== What you have to do ==
Keep each entry exactly as written when you repeat it, and skip the images.

== Exercise input ==
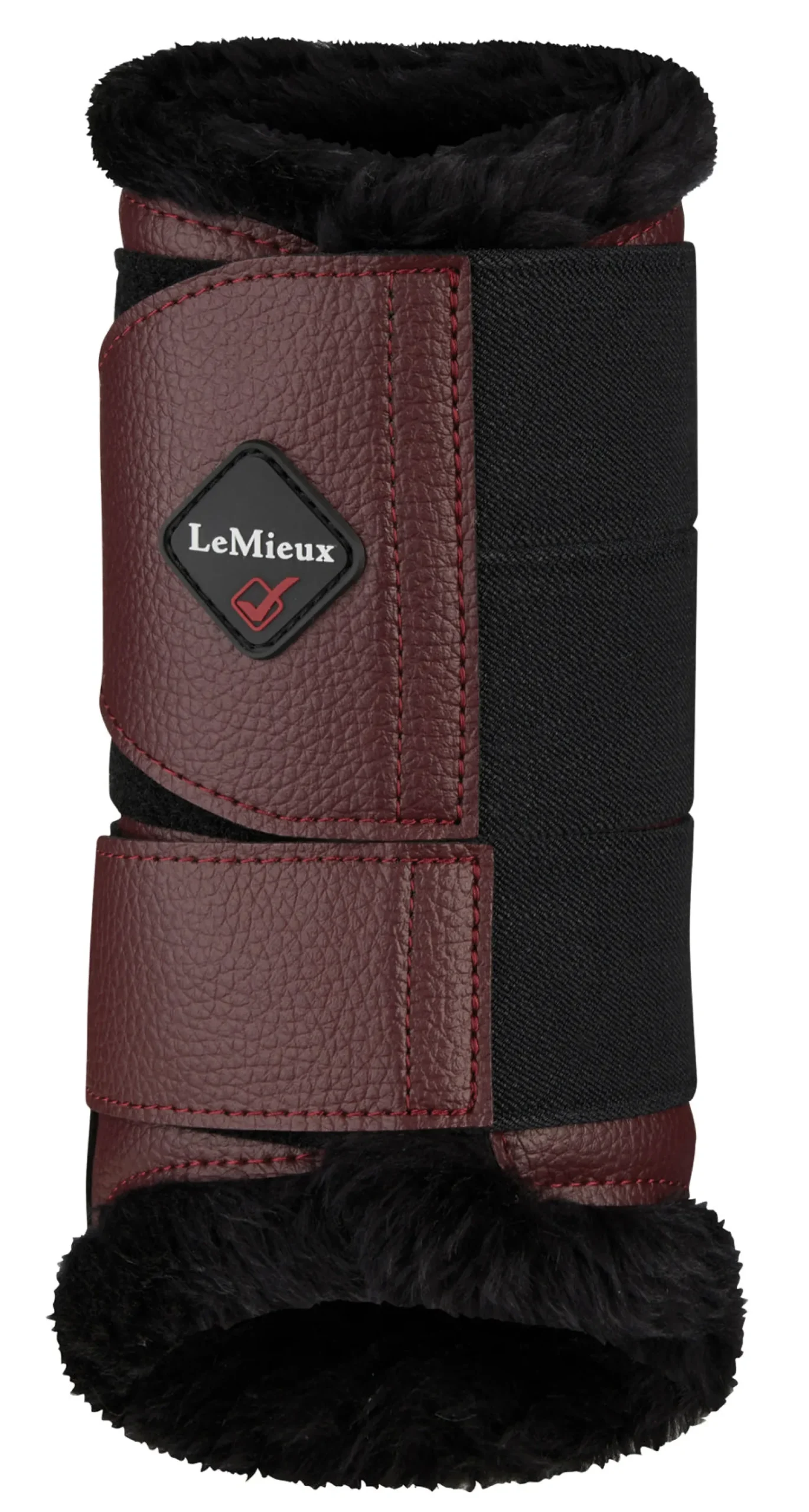 For exercise or turnout, LeMieux® Fleece-Lined Brushing Boots snug up to your horse’s legs beautifully. An attractive, durable, grained faux-leather outer offers a high-quality appearance, while the extra-soft and luxurious fleece lining against your horse prevents rubbing and distributes pressure.
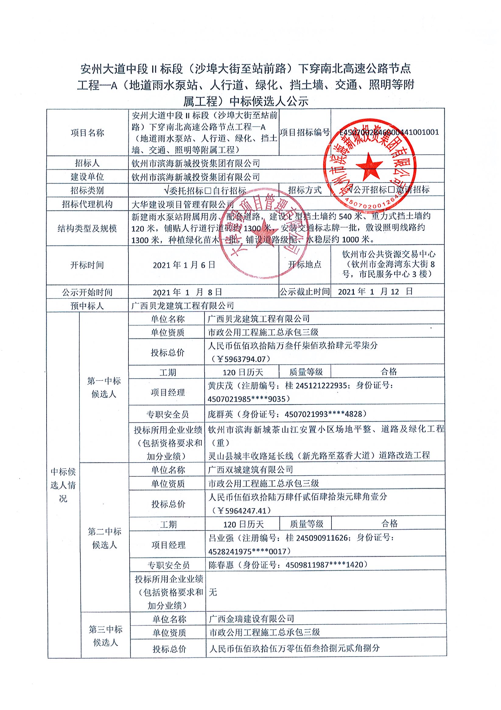欽州市濱海新城茶山江大街項目、安州大道(珊瑚街至嘉興街段)強弱電綜合管溝及平山東大街(濱江東路-揚帆大道)強弱電綜合管溝項目綜合檢測中標候選人公示
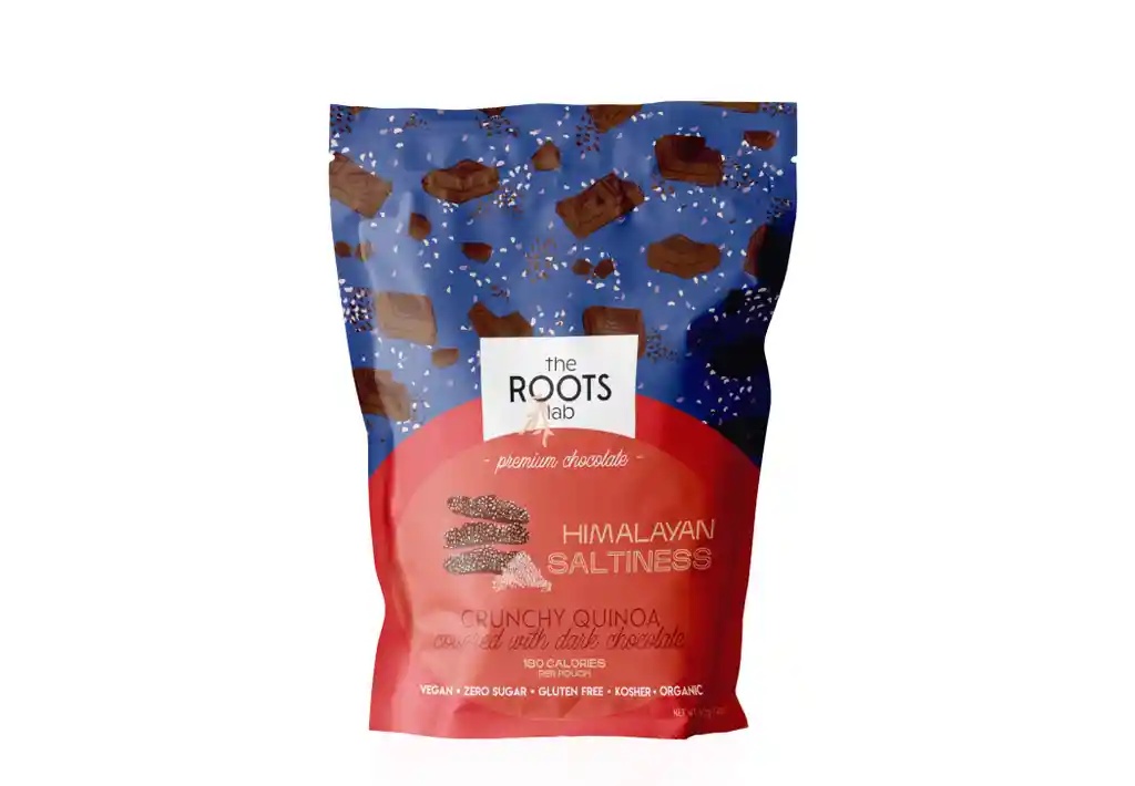 Pedacitos Crujientes de Quinoa Cubiertos Con Chocolate Premium Sin Azucar Nuestro Snack es Vegano Libre de Gluten Organico Kosher Sin Quimicos ni Conservantes Alto en Nutrientes y Bajo en Calorias. Cada Bolsa Tiene Únicamente 180 Calorias es Simplemente El Perfecto Snack Para Matar Esos Antojos Dulces y Sin Remordimiento.
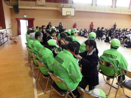 約30名の見守り隊の方にお越しいただきました。子ども達から感謝の気持ちを込めた首飾りや大きな感謝状を差し上げました。
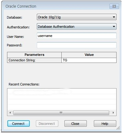 5. 위와 같이 Connection String 에 tnsnames.ora 파일에 적은 이름 값을 적은 후 connect 하면 ok!!!
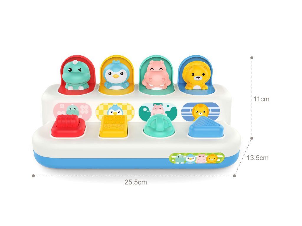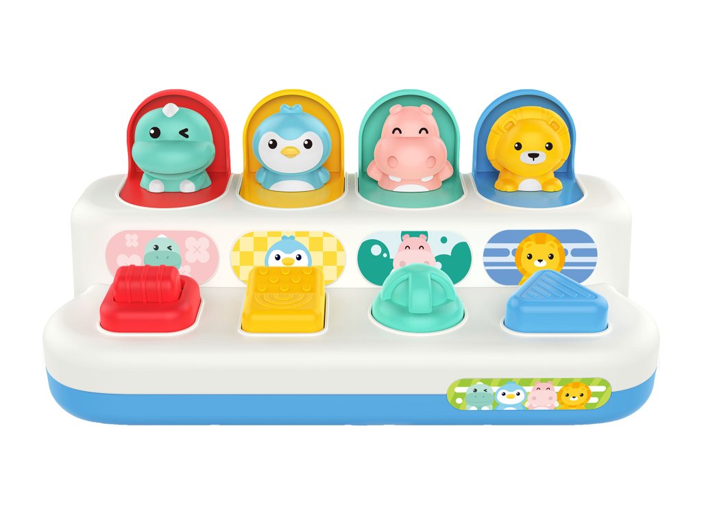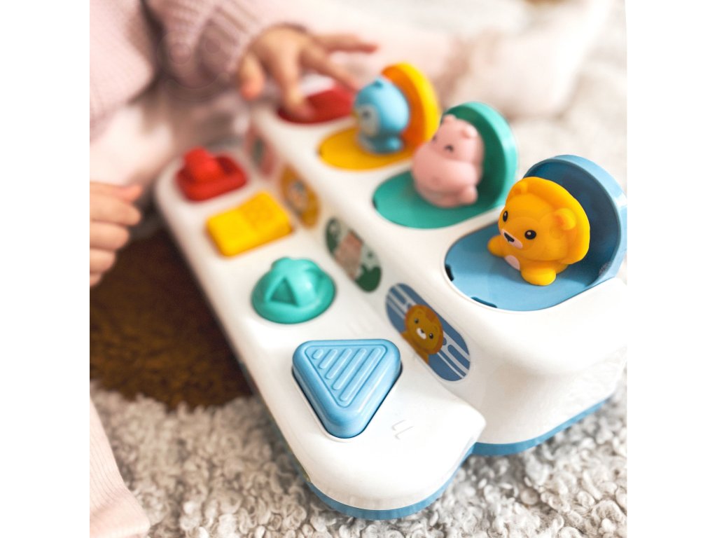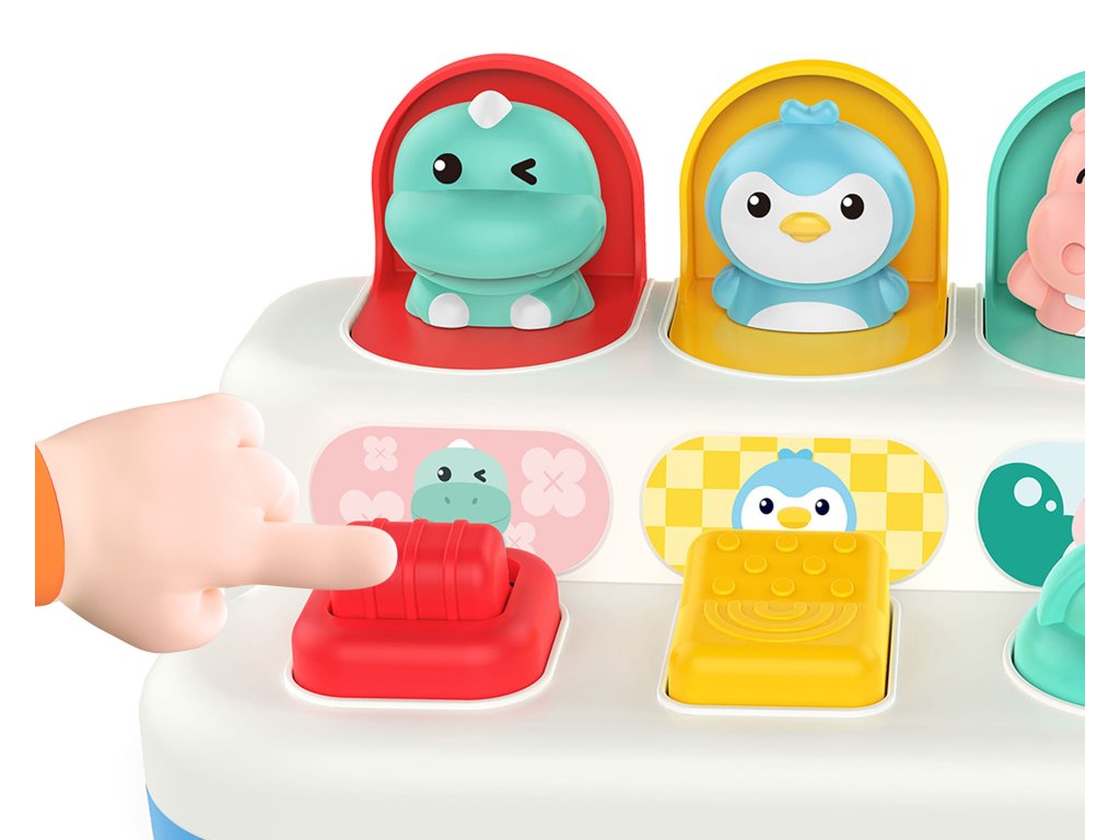 Vzdelávacia hračka Pop-up zvieratkoPop-Up od značkyWOOPIE Baby, je interaktívna, vzdelávacia hračka, ktorá spája hru s učením a zmyslovou stimuláciou pre najmenších. Stláčaním tlačidiel, pohybom gombíkov alebo pohyblivých častífarebné zvieratá čo stimuluje zvedavosť a zapája dieťa do hry. Mechanizmus pop up vtiahne batoľa do deja a rôzne spôsobyinterakcia rozvíjať zručnosť malých rúk a motorickú koordináciu.Farebné prvky podporujú poznávanie príčin a následkov a podporujú rozvoj zmyslov. Skvelá hračka na každodennú hru aj ako kreatívny darček pre dieťa od približne 18 mesiacov.
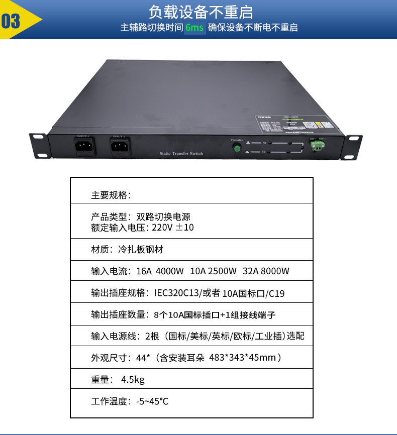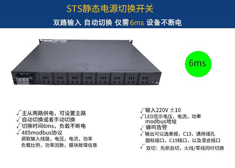双路输入静态切换开关STS自动电源切换市电UPS配电单元6ms切换
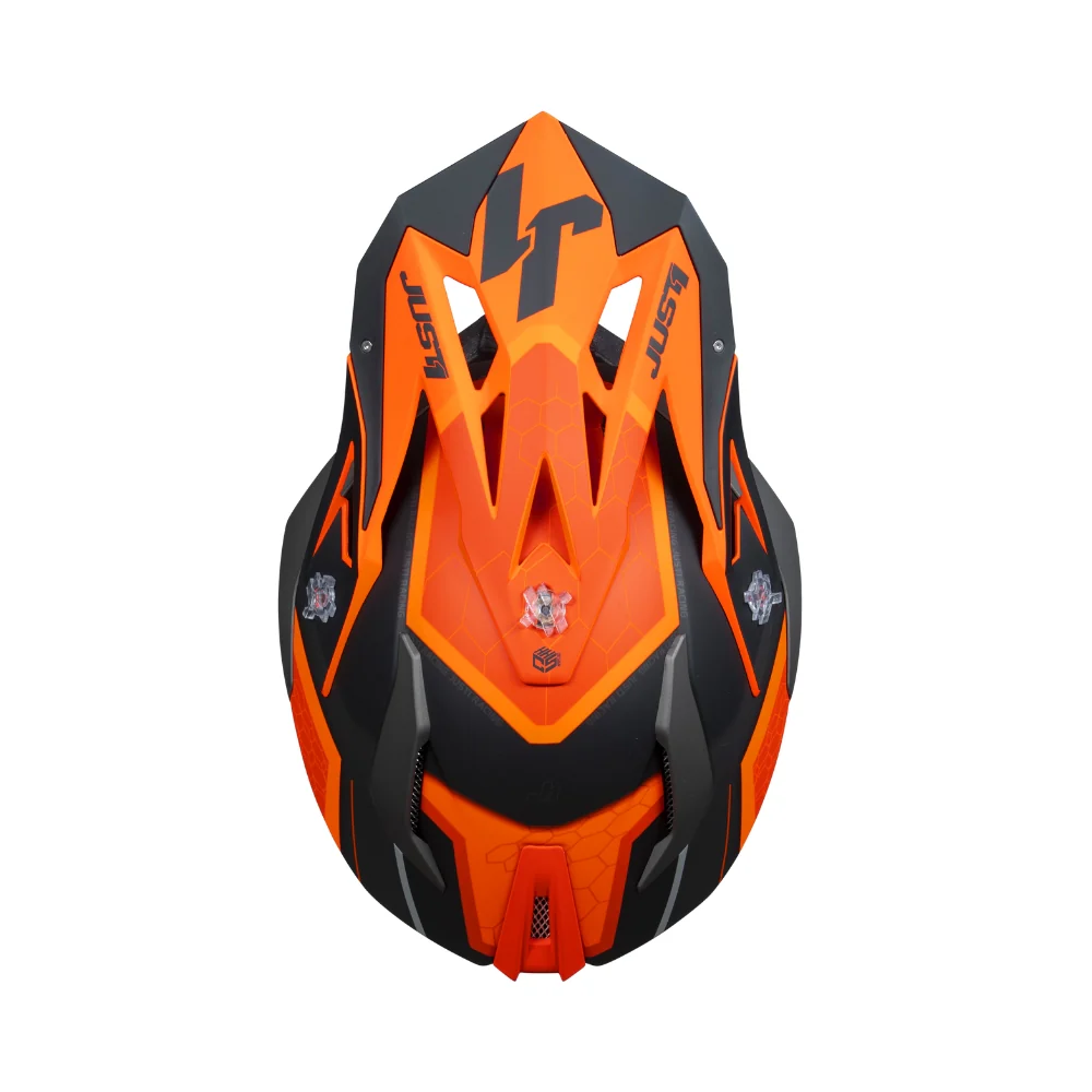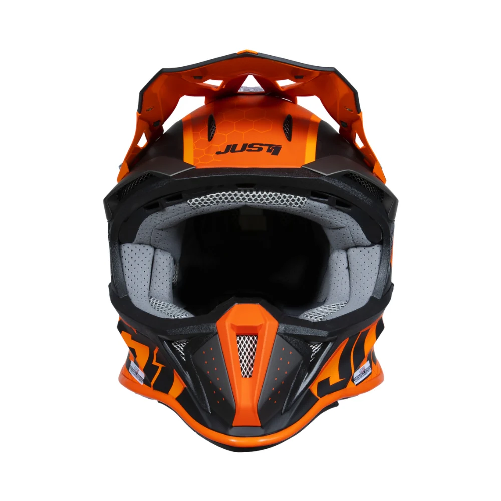 Casco Moto Cross Enduro JUST1 J18-F HEXA Orange Titanium Black

== Result of the exercise ==
 For exercise or turnout, LeMieux® Fleece-Lined Brushing Boots snug up to your horse’s legs beautifully. An attractive, durable, grained faux-leather outer offers a high-quality appearance, while the extra-soft and luxurious fleece lining against your horse prevents rubbing and distributes pressure.
欽州市濱海新城茶山江大街項目、安州大道(珊瑚街至嘉興街段)強弱電綜合管溝及平山東大街(濱江東路-揚帆大道)強弱電綜合管溝項目綜合檢測中標候選人公示
 Pedacitos Crujientes de Quinoa Cubiertos Con Chocolate Premium Sin Azucar Nuestro Snack es Vegano Libre de Gluten Organico Kosher Sin Quimicos ni Conservantes Alto en Nutrientes y Bajo en Calorias. Cada Bolsa Tiene Únicamente 180 Calorias es Simplemente El Perfecto Snack Para Matar Esos Antojos Dulces y Sin Remordimiento.
 約30名の見守り隊の方にお越しいただきました。子ども達から感謝の気持ちを込めた首飾りや大きな感謝状を差し上げました。
 5. 위와 같이 Connection String 에 tnsnames.ora 파일에 적은 이름 값을 적은 후 connect 하면 ok!!!
 Vzdelávacia hračka Pop-up zvieratkoPop-Up od značkyWOOPIE Baby, je interaktívna, vzdelávacia hračka, ktorá spája hru s učením a zmyslovou stimuláciou pre najmenších. Stláčaním tlačidiel, pohybom gombíkov alebo pohyblivých častífarebné zvieratá čo stimuluje zvedavosť a zapája dieťa do hry. Mechanizmus pop up vtiahne batoľa do deja a rôzne spôsobyinterakcia rozvíjať zručnosť malých rúk a motorickú koordináciu.Farebné prvky podporujú poznávanie príčin a následkov a podporujú rozvoj zmyslov. Skvelá hračka na každodennú hru aj ako kreatívny darček pre dieťa od približne 18 mesiacov.
双路输入静态切换开关STS自动电源切换市电UPS配电单元6ms切换
 Casco Moto Cross Enduro JUST1 J18-F HEXA Orange Titanium Black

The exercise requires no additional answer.